There are other factors that make public dialogue about the national strategy difficult in Canada. Civics education is generally weak, and the federal government does not play a significant role in this area. Canada's mainstream media has been impacted by technological change, and Canadians are heavily influenced by social media from south of the border.
Add to this another reality: Canadian politics has become more competitive and fixated on short-term struggles to win and maintain power. As a result, political leaders are reluctant to invest in long-term institutional and policy changes that would promote national dialogue. The priority is to act rather than think about what action to take..
We can see this dynamic in action today. Carney heads a minority government that has weak power. There is little interest in promoting a national dialogue that could unfold within two or three years. The emphasis is on “making deals” And “show results” fast.

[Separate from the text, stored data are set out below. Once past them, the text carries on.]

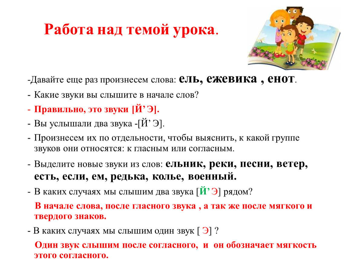 Выделите новые звуки из слов: ельник, реки, песни, ветер, есть, если, ем, редька, колье, военный.
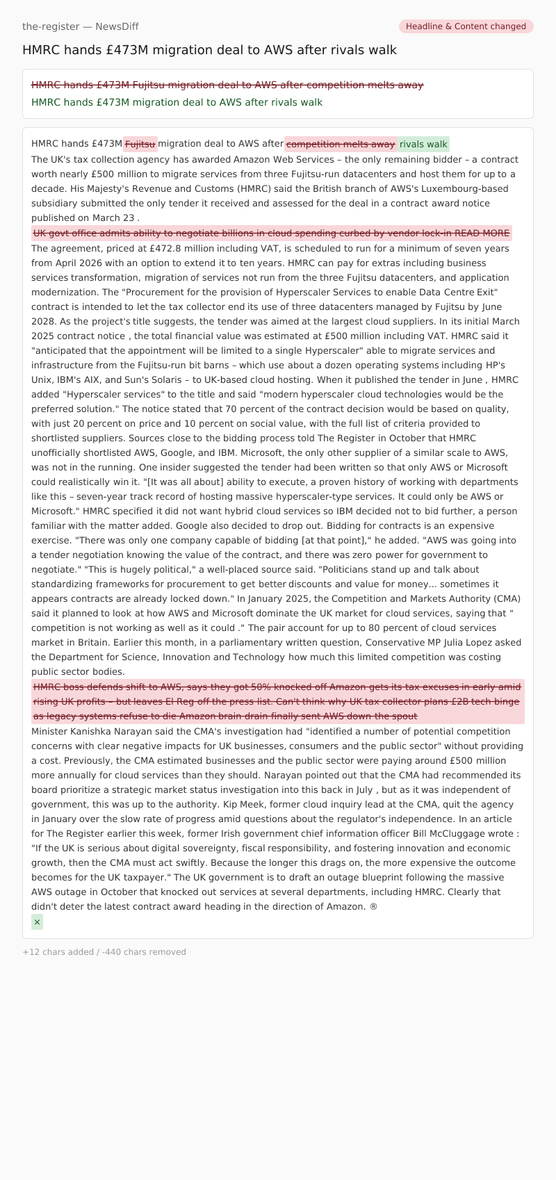 HMRC hands £473M Fujitsu migration deal to AWS after competition melts awayrivals walk
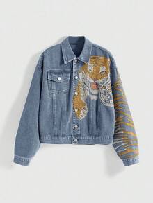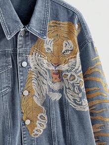ROMWE Avant Chaqueta vaquera con bordado 3D de estampado de tigre estilo callejero vintage, unisex
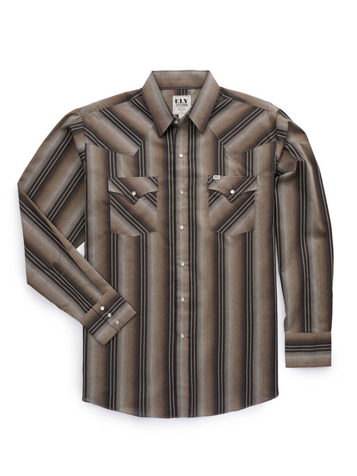 Ely and Walker Mens Western Textured Stripe Brown Poly/Cotton L/S Shirt
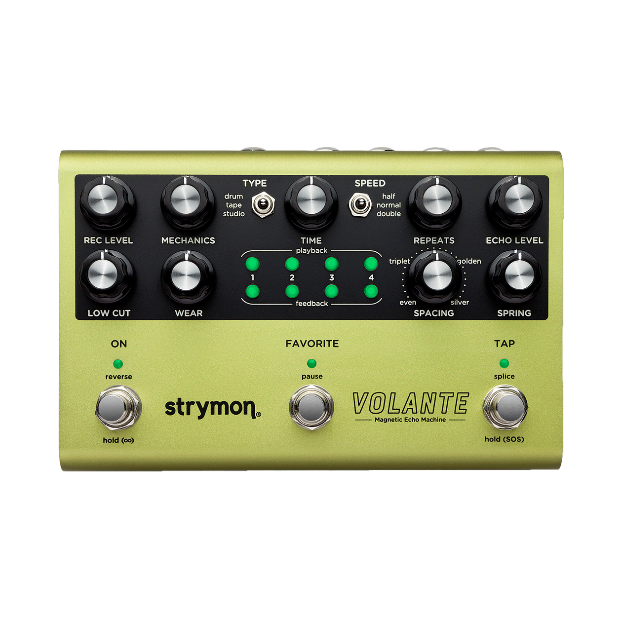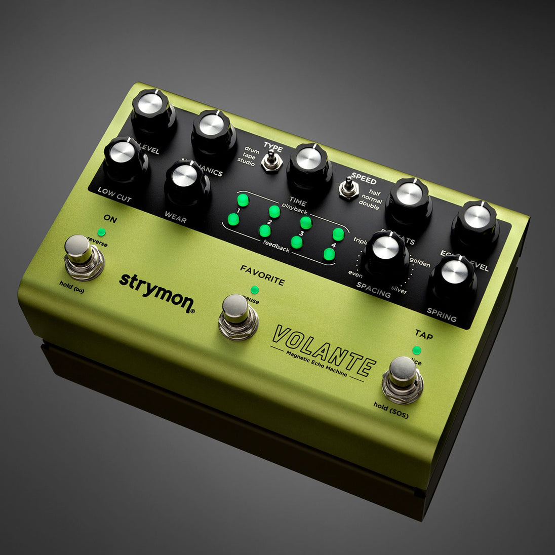 strymonの類まれな高いサウンドクォリティーと直感的な操作性が、あなたのペダルボードを別次元へ導きます。VOLANTEは、マグネティックドラムエコー、テープエコー、スタジオエコーの3つのマルチヘッドディレイに、ルーパー機能とビンテージスプリングリバーブを加え、リミットレスな可能性をパワフルに見せてくれます。
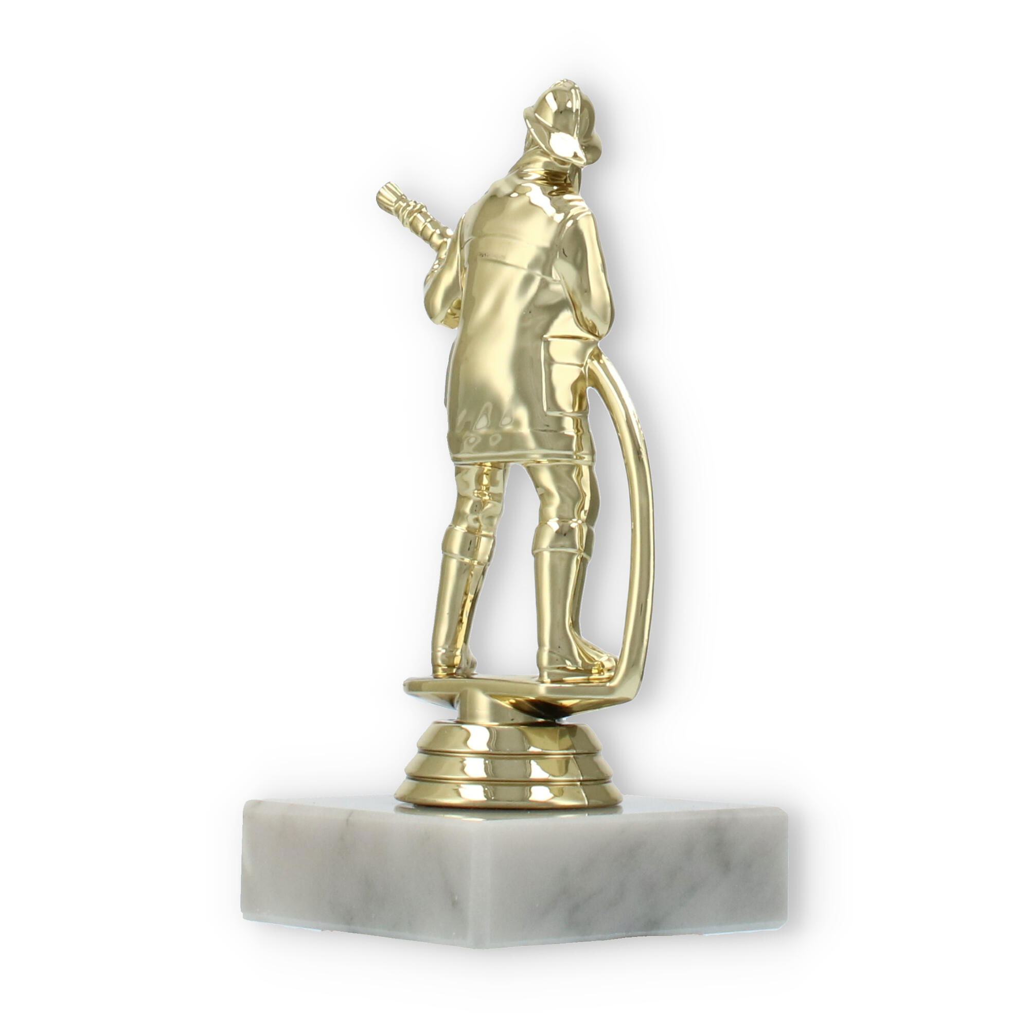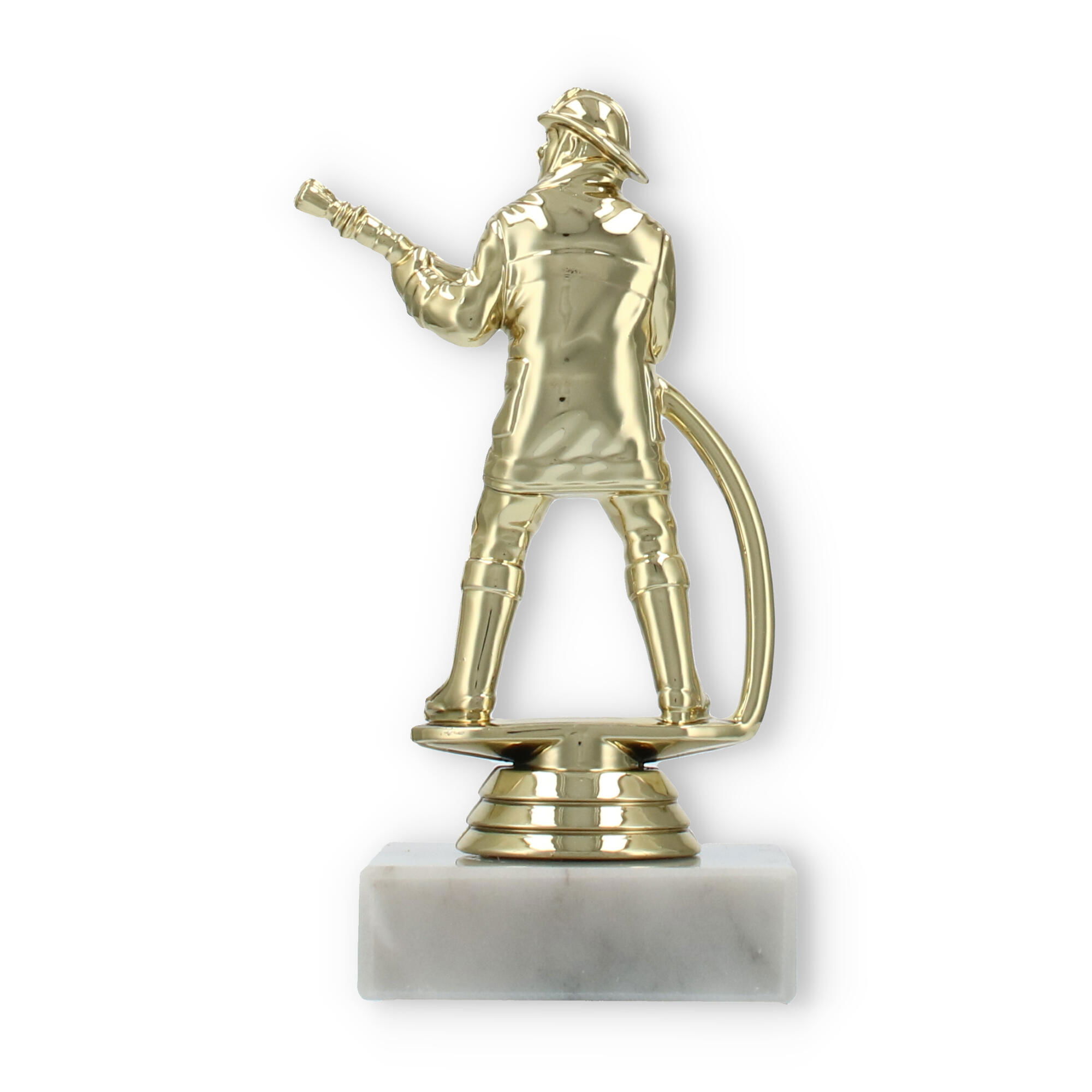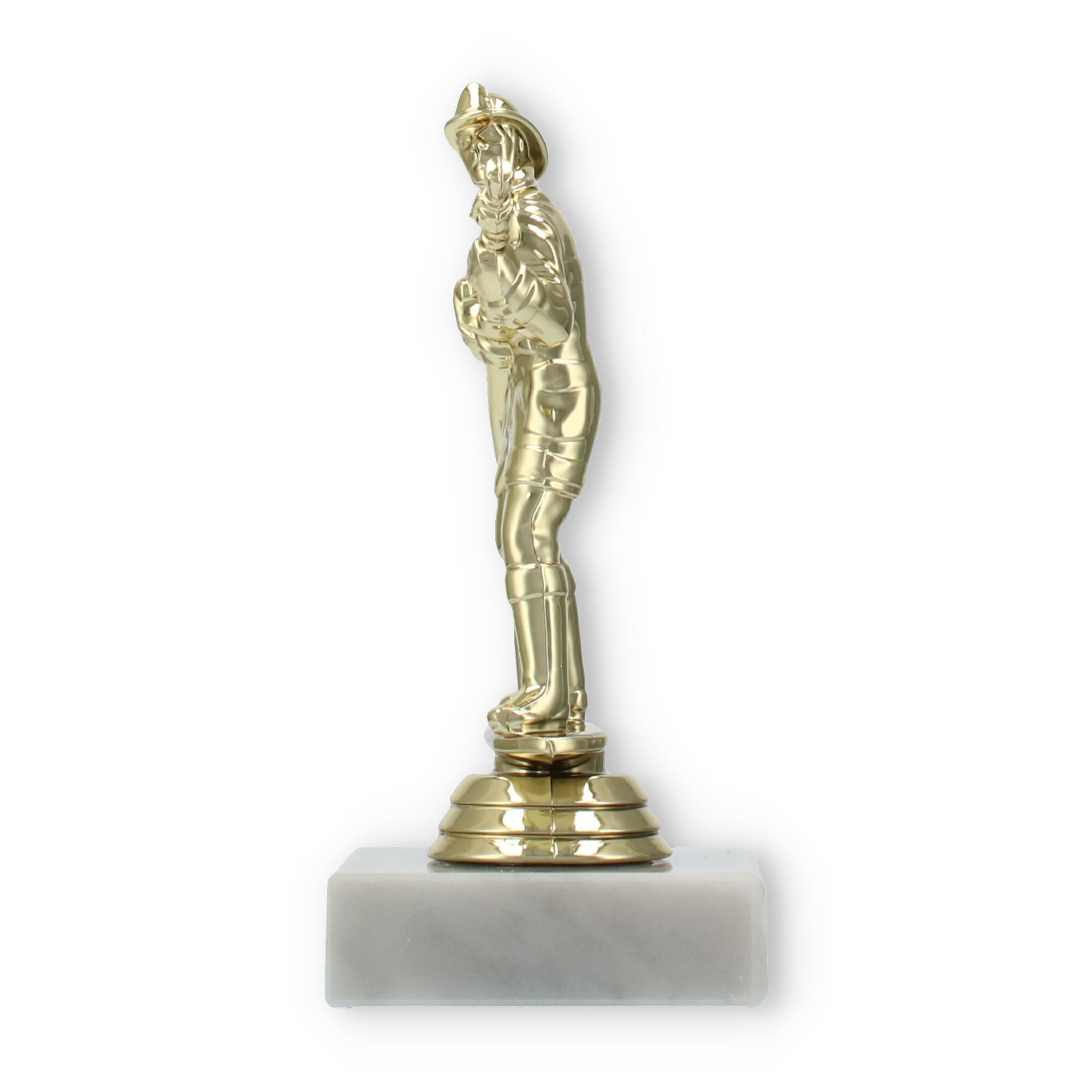 El trofeo figura de bombero, con acabado en color dorado y asentado sobre una base de mármol blanco, destaca en cualquier premiación. Personaliza cada pieza con grabado láser para rendir homenaje a los esfuerzos excepcionales y mantener vivo el recuerdo del triunfo.

Although Carney speaks of a “new era,” his program is largely short-term and reactive. Trade, defence, border security: Canadians are talking about these issues because US President Donald Trump put them on the table nine months ago. And the methods of the Carney government are equally familiar. Results will be achieved through elite negotiations between the usual suspects: heads of government and technocrats. Indigenous leaders in particular complain that they have been pushed out of the country..

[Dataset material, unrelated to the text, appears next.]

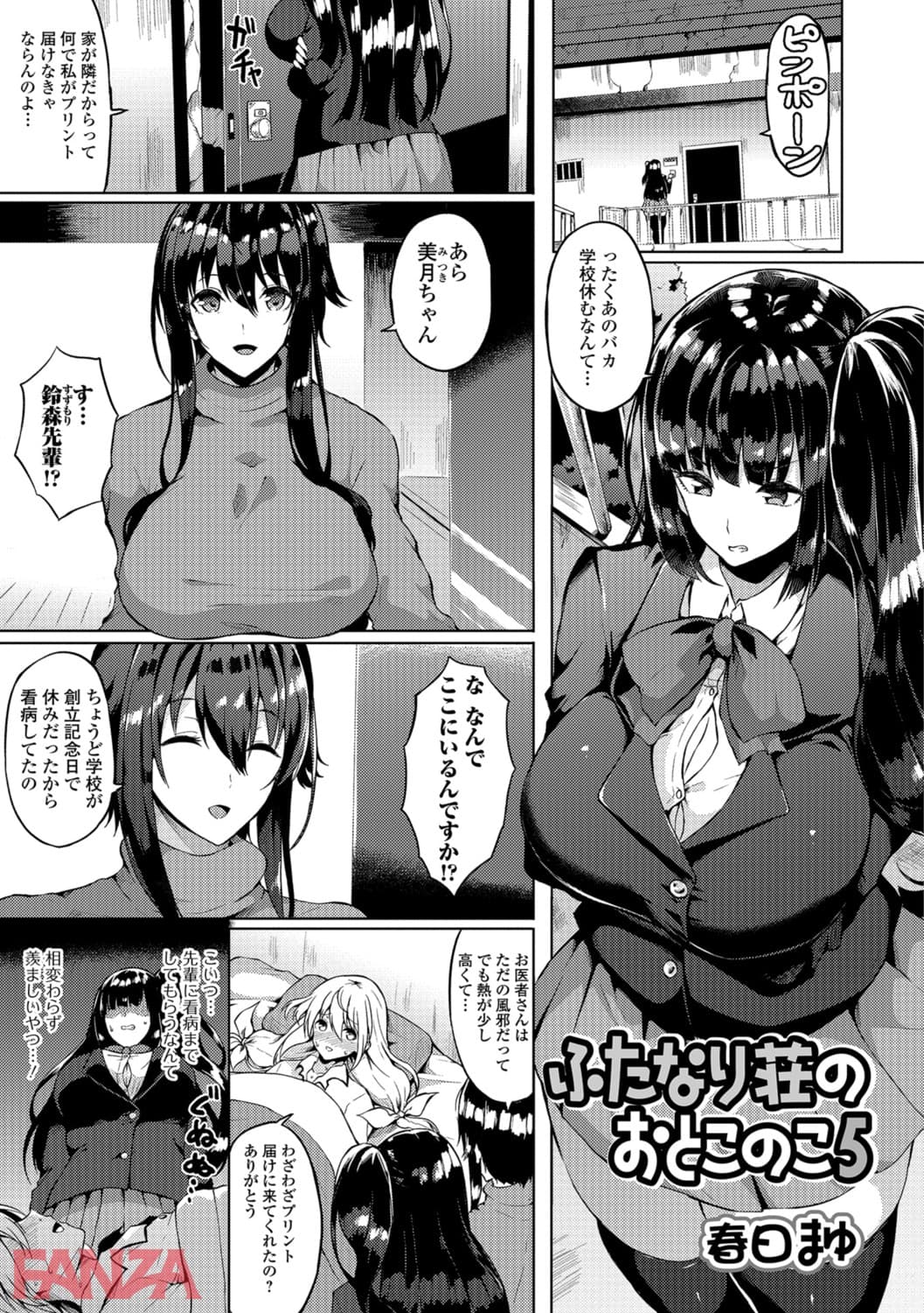 風邪をひいてしまった男の子に学校のプリントを届けに来た爆乳JK。憧れの先輩と遭遇してその先輩と看病を代わることに。女装男子の胸ぐらをつかむと汗をびっしょりかいていた。拭いてあげるから脱ぎなさいっ!と女装男子の体を拭いているとふたなりチンポが勃起してしまう。そのまま女装男子に手コキされてザーメンをぶちまけてしまうふたなり爆乳JK。その後当然セックスする流れになって…。

Iit's not necessary be like that. The Carney government could easily take a two-pronged approach. The first area consists of items that require immediate action (for example, resolving trade problems with the United States and helping the hardest-hit industries) or items that are generally needed (for example, liberalizing domestic trade). The second direction is long-term. It includes steps to promote national dialogue, including the creation of something like the Macdonald Commission, albeit radically revised for the digital age.
This two-pronged approach would be better for Canadian democracy. This would allow Canadians to understand the challenges facing the country over the next thirty years and make informed choices about what kind of country they would like to build.

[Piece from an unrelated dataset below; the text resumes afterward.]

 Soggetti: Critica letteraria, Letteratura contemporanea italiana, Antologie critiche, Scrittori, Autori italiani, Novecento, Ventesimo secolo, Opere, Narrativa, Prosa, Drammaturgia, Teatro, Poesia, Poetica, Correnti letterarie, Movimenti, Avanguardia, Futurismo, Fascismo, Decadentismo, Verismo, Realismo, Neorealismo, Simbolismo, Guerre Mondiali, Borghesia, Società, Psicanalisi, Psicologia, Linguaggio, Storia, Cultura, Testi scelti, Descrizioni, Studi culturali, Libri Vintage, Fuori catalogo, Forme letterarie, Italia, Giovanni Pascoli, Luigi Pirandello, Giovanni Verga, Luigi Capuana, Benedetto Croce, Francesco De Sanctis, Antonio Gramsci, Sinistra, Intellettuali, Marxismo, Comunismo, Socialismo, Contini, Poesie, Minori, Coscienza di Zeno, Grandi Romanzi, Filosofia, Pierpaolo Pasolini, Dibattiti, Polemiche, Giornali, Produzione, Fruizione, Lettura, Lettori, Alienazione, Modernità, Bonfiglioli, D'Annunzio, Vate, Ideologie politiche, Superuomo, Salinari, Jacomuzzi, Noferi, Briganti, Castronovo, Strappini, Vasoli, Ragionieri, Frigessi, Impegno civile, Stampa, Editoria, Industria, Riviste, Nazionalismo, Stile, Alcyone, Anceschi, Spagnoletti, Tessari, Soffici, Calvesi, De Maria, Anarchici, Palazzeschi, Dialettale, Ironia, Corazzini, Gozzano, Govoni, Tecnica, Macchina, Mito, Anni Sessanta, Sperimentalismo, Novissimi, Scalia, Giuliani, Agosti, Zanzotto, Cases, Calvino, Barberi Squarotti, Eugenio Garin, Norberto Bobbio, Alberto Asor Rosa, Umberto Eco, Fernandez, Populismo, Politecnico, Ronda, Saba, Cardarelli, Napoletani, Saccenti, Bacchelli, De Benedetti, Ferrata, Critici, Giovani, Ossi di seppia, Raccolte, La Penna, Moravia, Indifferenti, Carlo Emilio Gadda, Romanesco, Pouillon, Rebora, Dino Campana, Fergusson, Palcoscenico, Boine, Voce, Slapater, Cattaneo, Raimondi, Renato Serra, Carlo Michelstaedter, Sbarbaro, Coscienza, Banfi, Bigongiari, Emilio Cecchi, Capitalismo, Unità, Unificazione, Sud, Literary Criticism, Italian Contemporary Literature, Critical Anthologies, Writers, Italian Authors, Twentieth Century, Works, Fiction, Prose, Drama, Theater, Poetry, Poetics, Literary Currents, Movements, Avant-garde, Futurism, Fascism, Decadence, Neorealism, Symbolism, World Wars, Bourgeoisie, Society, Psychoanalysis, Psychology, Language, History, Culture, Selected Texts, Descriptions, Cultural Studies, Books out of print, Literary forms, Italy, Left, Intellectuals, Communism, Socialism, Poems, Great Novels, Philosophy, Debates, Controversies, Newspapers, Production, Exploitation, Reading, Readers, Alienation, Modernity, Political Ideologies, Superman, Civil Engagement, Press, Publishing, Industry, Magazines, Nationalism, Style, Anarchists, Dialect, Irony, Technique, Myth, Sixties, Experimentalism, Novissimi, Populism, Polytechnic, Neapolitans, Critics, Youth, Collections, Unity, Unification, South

A two-pronged approach would also be better for the Carney government. For much of 2025, Canada was united by a surge of patriotism. But there is already evidence that the patriotic surge is fading and Canada is returning to its restless state.. A national conversation about shared ambitions would generate public support…social license“, as they say in Ottawa – for difficult choice what Carney sees ahead.
Fundamentally, the United States and Canada face common challenges. Every country must find a way to make its federal system work in dangerous times. America's predicament, however, is fixing a system that is all about Washington and national politics. The solution likely involves decentralizing responsibility to lower levels of government while reconfiguring central institutions to more effectively manage departments.
On the contrary, Canada's predicament fosters a sense of common purpose in a system prone to centrifugal pressure. The solution lies in rebuilding the institutions and practices we once relied on to bring all the pieces together and promote national dialogue about the future path.
Adapted from “USA and Canada: two crises of federalism“, published on Substack. Reprinted with permission of the author.